Detecting phishing websites using a decision tree

In this post, I describe a simple tutorial that allows you to train a simple decision tree classifier to detect websites used for phishing. Typically, phishing websites disguise as trustworthy websites in order to gain the trust of their victims, and malicious parties use them to obtain sensitive information from their victims: e.g., passwords or credit card numbers. In this tutorial, we train a decision tree to detect such websites, with a success rate of 90.5%.

Full tutorial is at https://github.com/npapernot/phishing-detection

Installation

To get started, you should first clone this repository by running the following command from a UNIX terminal.

git clone https://github.com/npapernot/phishing-detection

This will download the code that trains the phishing detector, as well as the training data required for that operation.

You should also install scikit-learn, which is a collection of tools for machine learning written in Python. You can find instructions on how to install it here. On a UNIX machine configured with pip, the simplest way is to run:

pip install -U scikit-learn

Once you have installed scikit-learn, you can check whether the library is correctly setup by typing the following in a Python shell:

import sklearn

If the command runs with no error, you are ready to train the phishing detector!

Phishing Website Dataset

In this tutorial, we use a dataset of phishing website publicly available on the machine learning repository provided by UCI. You don’t have to download the dataset yourself as it is included directly in this repository (dataset.csv file) and was downloaded on your machine when you cloned this repository.

The dataset was collected by analyzing a collection of 2456 websites among which some were used for phishing and others not. For each website included in the dataset, 30 attributes are given. You can find a list here. The list includes for instance the URL length, whether the website uses pop-up windows or Iframes, or how old the domain registration is.

Each website in the dataset is labeled by -1 if it is not a phishing website and by 1 if it is a website used for phishing.

Training the decision tree to detect phishing website

You can find the code that trains the decision tree in the decision_tree.py file. To run the code, simply execute it in a terminal:

python decision_tree.py

This will first train the decision tree on 2,000 websites, then use the trained model to predict whether 456 websites are used for phishing or not (these websites were not analyzed during training). The model should make predictions that are about 90.5% correct, i.e. the accuracy of the model on the testing data should be 90.5%. Here is a dump of the output made by the script.
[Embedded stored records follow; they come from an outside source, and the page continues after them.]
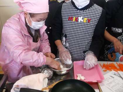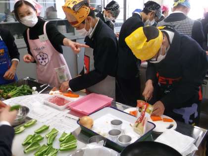 1月15日に1組、16日に2組で調理実習を行いました。メニューはチンジャオロースー、ほうれんそうのナムル、そしてデサートにみたらし団子を作りました。慣れない手つきではありますが、危なげなく包丁を使ったり、フライパンで炒めたりしました。また班員が協力し、調理や後片付けをスムーズに行うことができました。「めっちゃおいしい」「ピーマンが食べられるようになった」「料理はたいへん」など様々な感想が聞かれ、大変意義のある活動になりました。東成区食生活改善推進員協議会の皆様、東成区役所栄養指導員の繁田様、本当にありがとうございました。
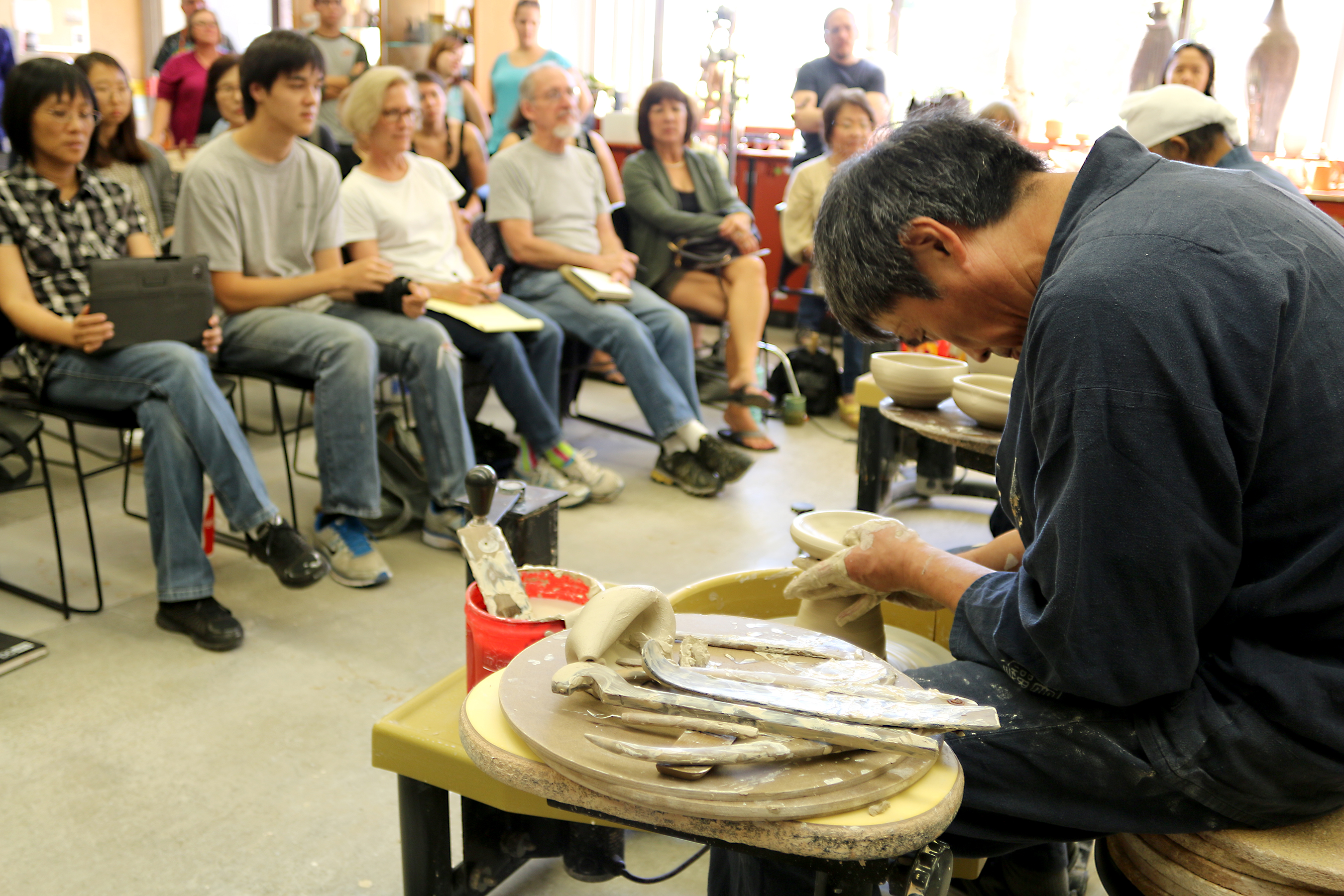 Master potter Kazunao Azuma works the wheel-thrower for the gathered students.
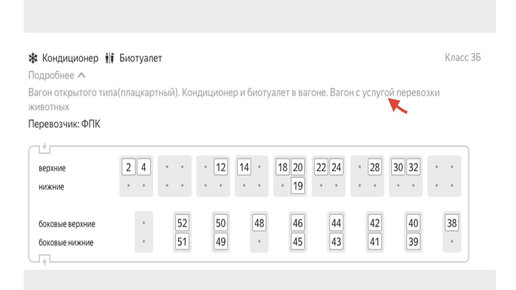 Если вы покупаете билет онлайн, такие места отмечены значком в виде лапки. Чтобы увидеть эти вагоны на сайте РЖД, при поиске билетов нажмите на карточку поезда и перейдите к выбору типа вагона. При покупке билета в кассах вокзала уточняйте у кассиров, предназначен ли вагон для животных.
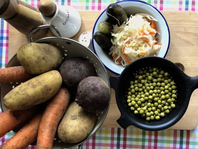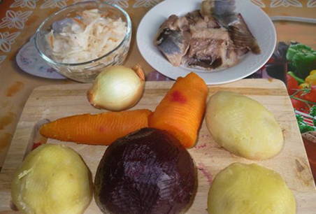- Schil de gekookte groenten, snijd de haring, pers de zuurkool uit de pekel.
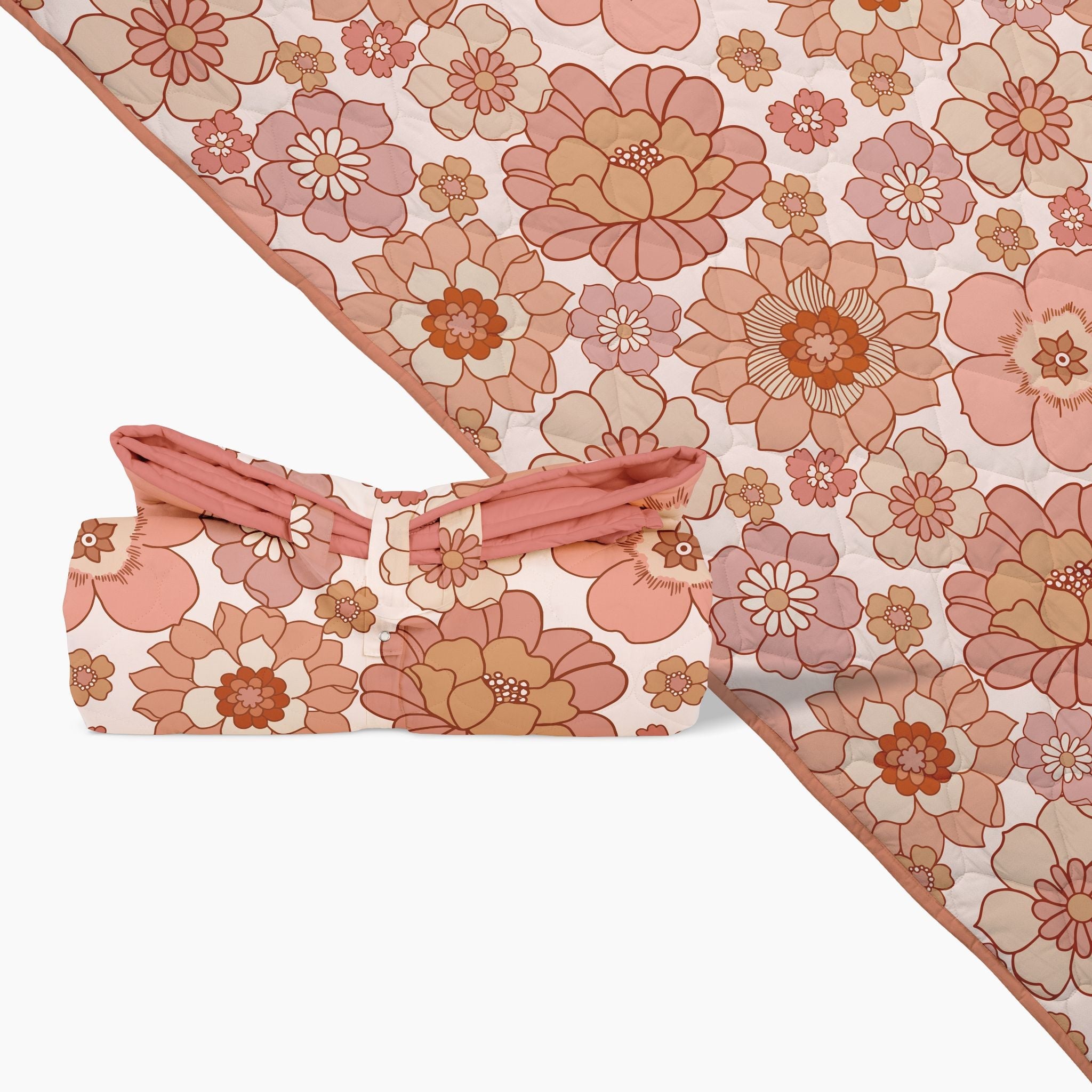 Ready for every family adventure, this roll-up picnic blanket features organic quilted water repellent cotton and a carry handle for comfort and convenience.
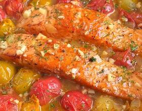 油热倒入洋葱炒香,倒入小番茄炒软,加入蒜末炒香。
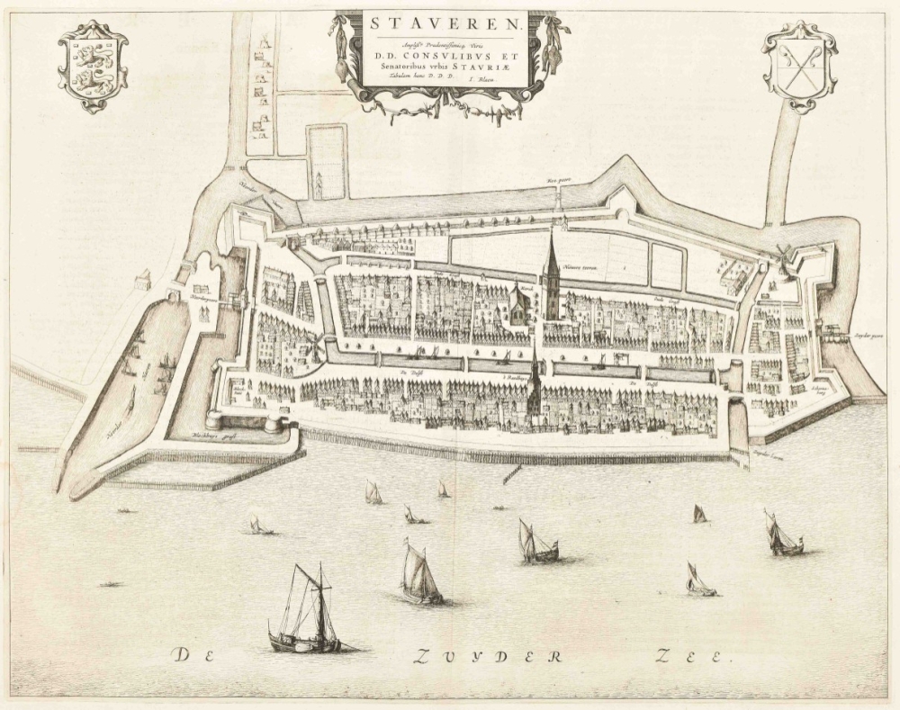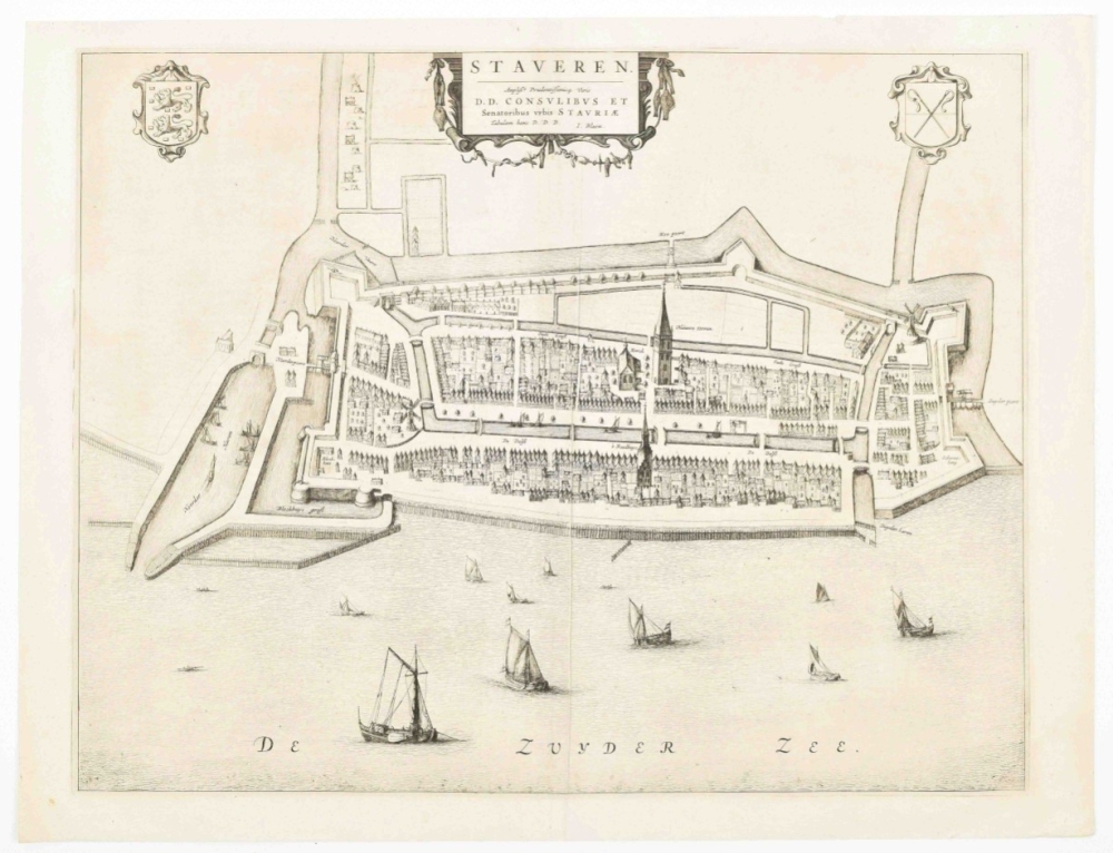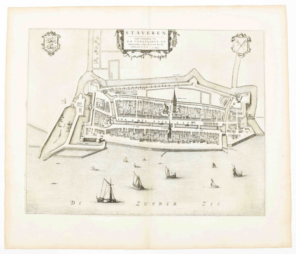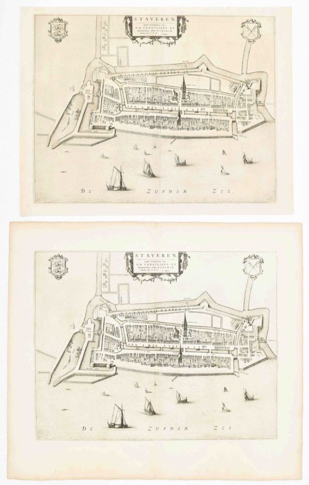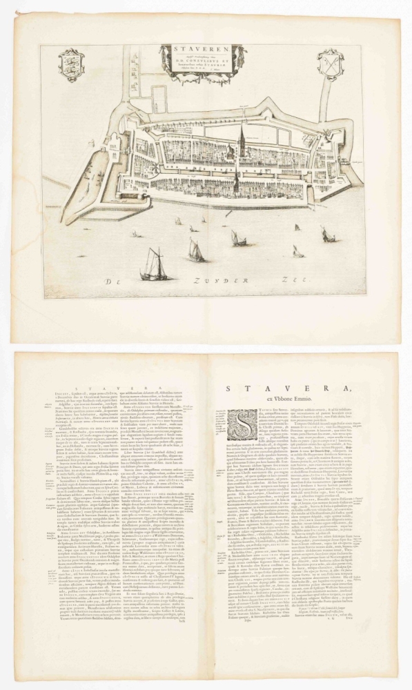 (1) and (2) 2 double folio town plans by J. Blaeu from the Dutch ed. of the "Stedenboek" or Tooneel der Steden. Amst., 1649. Cartouche w. title, coats of arms of Friesland and Stavoren.

Tutorial: Training a decision tree to detect phishing websites
Training data loaded.
Decision tree classifier created.
Beginning model training.
Model training completed.
Predictions on testing data computed.
The accuracy of your decision tree on testing data is: 0.906129210381

To understand how this was done, you can read the line by line comments in the decision_tree.py file.

What next?

You can try improving the accuracy of this simple classifier by changing some of the default parameter values for the model. This is done by modifying this line of decision_tree.py. To learn more about the parameters that you can define when calling DecisionTreeClassifier(), take a look at the scikit-learn documentation.

You can also try different models like Support Vector Machines or Neural Networks.